Structure of a bitmap file

First, a little background material on the type of cover file we'll be using. As an overview, a bitmap is essentially a mapping of the values used to represent the pixels within a given area on a screen. One of the older image formats in use today it consists of three to four parts or sections. Header, Information Header, Palette (optional), and Image Data. The header contains a "magic" identifier (letting us know the file is a bitmap) as well as the file size and the offset in the file where the actual pixel mapping begins. The information section contains such things as width and height of the image, bits per pixel, number of colors, and what (if any) compression type has been used. If "indexed color" has been used, a section containing a table of colors will then be next. Bitmaps using indexed colors do not store the color specification within each pixel but rather an index into the optional section that contains the colors table. We will not be considering indexed color bitmaps within the bounds of our simple Steganography application. The final section contains the actual image data i.e, the map of pixels that make up our bitmap image.

Sample Image

Thankfully, in our simple Steganography application, we only need to focus on the image data section and will ignore the other sections. Our entry point into the bitmap file will be the .Net "Bitmap" class and we'll be using it's GetPixel and SetPixel methods to store and retrieve our hidden data. GetPixel and SetPixel return and are passed a Color object, respectively. By "borrowing bits" from the Color object we will interleave the data we wish to transfer.

Application overview

The sample application this article is based on is a commandline utility that allows for the encoding and decoding of a file into a bitmap in such a manner as to conceal the existence of the embedded file from the casual observer. At a high level the objects that will be doing the work for the application are as follows. SteganographyEngine - this class acts as a wrapper for the Steganography functionality provided. SteganographyEngine manages the file IO for the the various Steganography objects in the application as well as instantiation and invocation of those objects based on parameters passed to it from the application object. SteganographyEngine has a single member variable of type ISteganographyFactory. ISteganographyFactory in turn works with two other Steganography specific objects. IMetaData and IBitmapCodec. Together these three form the basis for all Steganography operations performed by the application. All three are interfaces in order to provide a measure of extensibility to the application. The concrete classes SteganographyFactory, MetaData, and BitmapCodec, respectively provide implementations for each of these interfaces within the application. BitmapCodec is where the rubber hits the road so to speak. This is where the individual bytes are encoded and decoded into the cover files bytes. MetaData is a section of data we encode/decode along with the content we wish to embed. As the name implies it is data about the data we've embedded. This is done to facilitate extraction. SteganographyFactory ties the codec and meta-data classes together performing the needed function calls in order to provide a cohesive Steganography interface to the engine class.

Encoding the data

Each pixel returned by the GetPixel method of the Bitmap class is represented by a Color object. Color objects contain Red, Green, Blue properties and can be represented by one byte each. It is within the last two to three bits of each of these bytes that we will store our data. Thus, in this example each pixel color will provide for us three bytes with which we can encode our data. Each byte ranges from 0 to 255. The higher the number the greater the amount of that color is applied to it's respective pixel. In general, these last three bytes can be modified without having an overly large impact on the bitmap picture. Certainly not enough to notice if one is not familiar with the original. So, each byte to embed will be split between each of the three color bytes. As stated in the application overview the code to encode/decode a byte resides in the class ByteCodec. Below I have detailed the code to encode i.e., splitting and allocating a byte between the red, green, and blue bytes of a Color object.

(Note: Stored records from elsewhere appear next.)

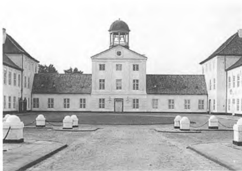
Med dronning Ingrid's død den 7. november 2000 er Gråsten Slots fremtid blev aktuel.

dommer og politimester. Men nu blev det besluttet, at det hvide slot igen skulle være sommerbolig, nemlig for det nygifte kronprinsepar Ingrid og Frederik. Dermed manifesteredes en tradition, som gik bagud til den såkaldte genforeningsproces, under hvilken kong Christian X og dronning Alexandrine hver eneste sommer gæstede Sønderjylland.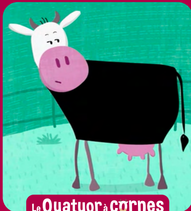
Le Quatuor à cornes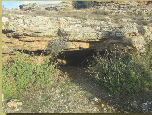
Cueva de la Higuerrilla

La Zubia se encuentra en una privilegiada localización y entorno, como puerta de entrada al Parque Natural de Sierra Nevada, muy cerca de Granada, rodeada de fértiles tierras. Es un municipio que guarda las huellas de los asentamientos, poblaciones y culturas que han pasado por estos lugares, con un rico patrimonio histórico-artístico. Además cuenta con áreas recreativas, bellos prados, cuevas y cerros que fomentan el turismo activo.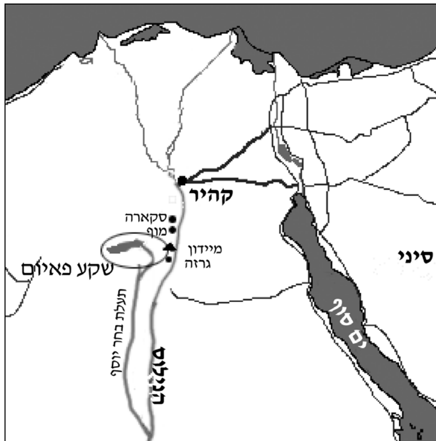
מפת מצרים העתיקה

מתאים לנאמר בכתוב, שהרי הוא מעט מדרום לעיר הבירה 'מוף', כך שהוא סמוך למקום שישב יוסף, וכדי להגיע ממוף אכן יש צורך לעלות במעלה הנילוס, וכלשון הכתוב "ויעל ... גושנה".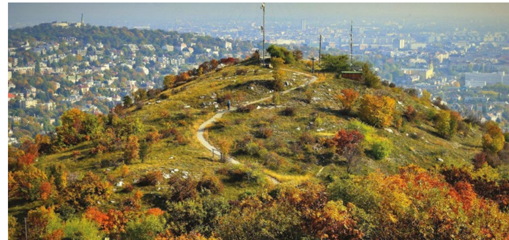
A Sas-hegyi kilátópont a hegy legmagasabb csúcsáról

Gyerekkoromban a Sváb-hegyen laktunk, a hegytetőtől egészen le a Fodor utcáig legelők, erdőfoltok, gazdátlan gyümölcsösök húzódtak. Változatos, kalandos világ volt ez, egyszerre falu és város. A Sas-hegyet messziről láttuk, de a kopár csúcsok nem mozgatták meg a fantáziámat. A Németvölgyi úti iskolából az 50-es években kirándultunk a Sas-hegyre, de sokkal később, felnőttként fedeztem fel magamnak a hegy gazdagságát. Akkor mikor 1973-ban új családdal a természetvédelmi területtől néhány méterre, a Hegyalja útra költöttünk.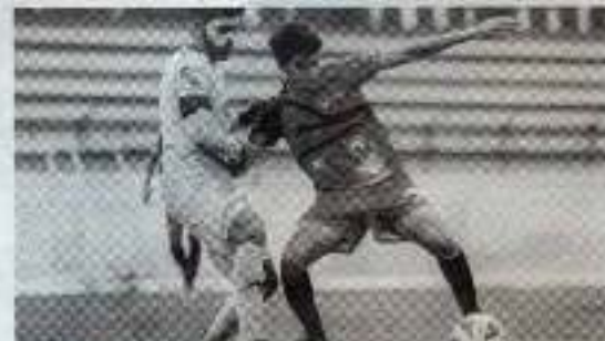
Los locales impusieron condiciones

El segundo gol para los locales llegó al minuto

First the function definition. An array of byte values is passed in. These are the red, green, and blue values of our target pixel's color. Additionally, a single byte value is passed in. This is the value we wish to encode.

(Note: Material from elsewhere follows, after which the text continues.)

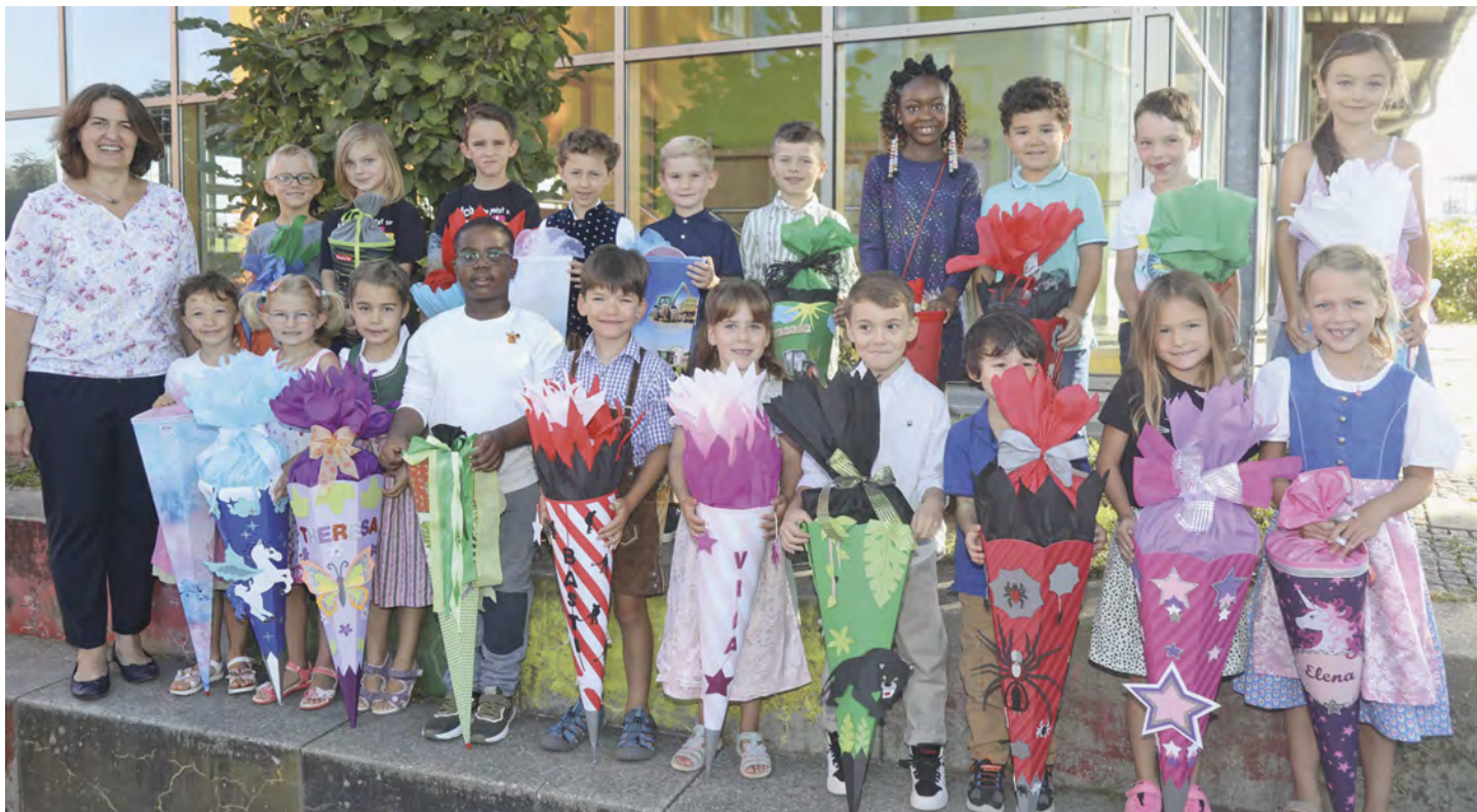
Klasse 1b, Grundschule Hohenpolding

void EncodeByte(byte[] ByteArray, byte bytValue)

So "bytValue" is the value we wish to encode within the red, green, and blue color bytes. We have a total of eight bits to encode over a combination of three bytes. Bits are encoded into their target bytes starting at the least significant bit of each byte. As a concrete example we will encode a value of 105 into a pixel with the colors red=34, green=73, and blue=80. The program by default allocates the bits of the byte to encode as the 3 most significant bits to red, next 3 bits to green, and the final 2 bits to blue. We will refer to this as a mask of 3:3:2. Our bit patterns as EncodeByte begins to execute looks as follows.

0110 1001  The value to encode (105)
0010 0010  The red byte of the pixel (34)
0100 1001  The green byte of the pixel (73)
0101 0000  The blue byte of the pixel (80)

From the bits of the value to encode (bytValue) we must transfer bits into our pixel bytes as follows

011  To the red byte
010  To the green byte
01    To the blue byte

As stated, all bit transfers are done starting from the least significant bit of each targeted color byte

For the red byte it looks like this

0010 0010   Red Byte
0000 0011   Bits to encode
========
0010 0011   New red (35).

The three least significant bits have been replaced

For the green byte we have:

0100 1001  Green Byte
0000 0010  Bits to encode
========
0100 1010  New green (74).

The three least significant bits have been replaced

And finally for the blue byte:

0101 0000  Blue Byte
0000 0001  Bits to encode
========
0101 0001  New blue (81).

The two least significant bits have been replaced.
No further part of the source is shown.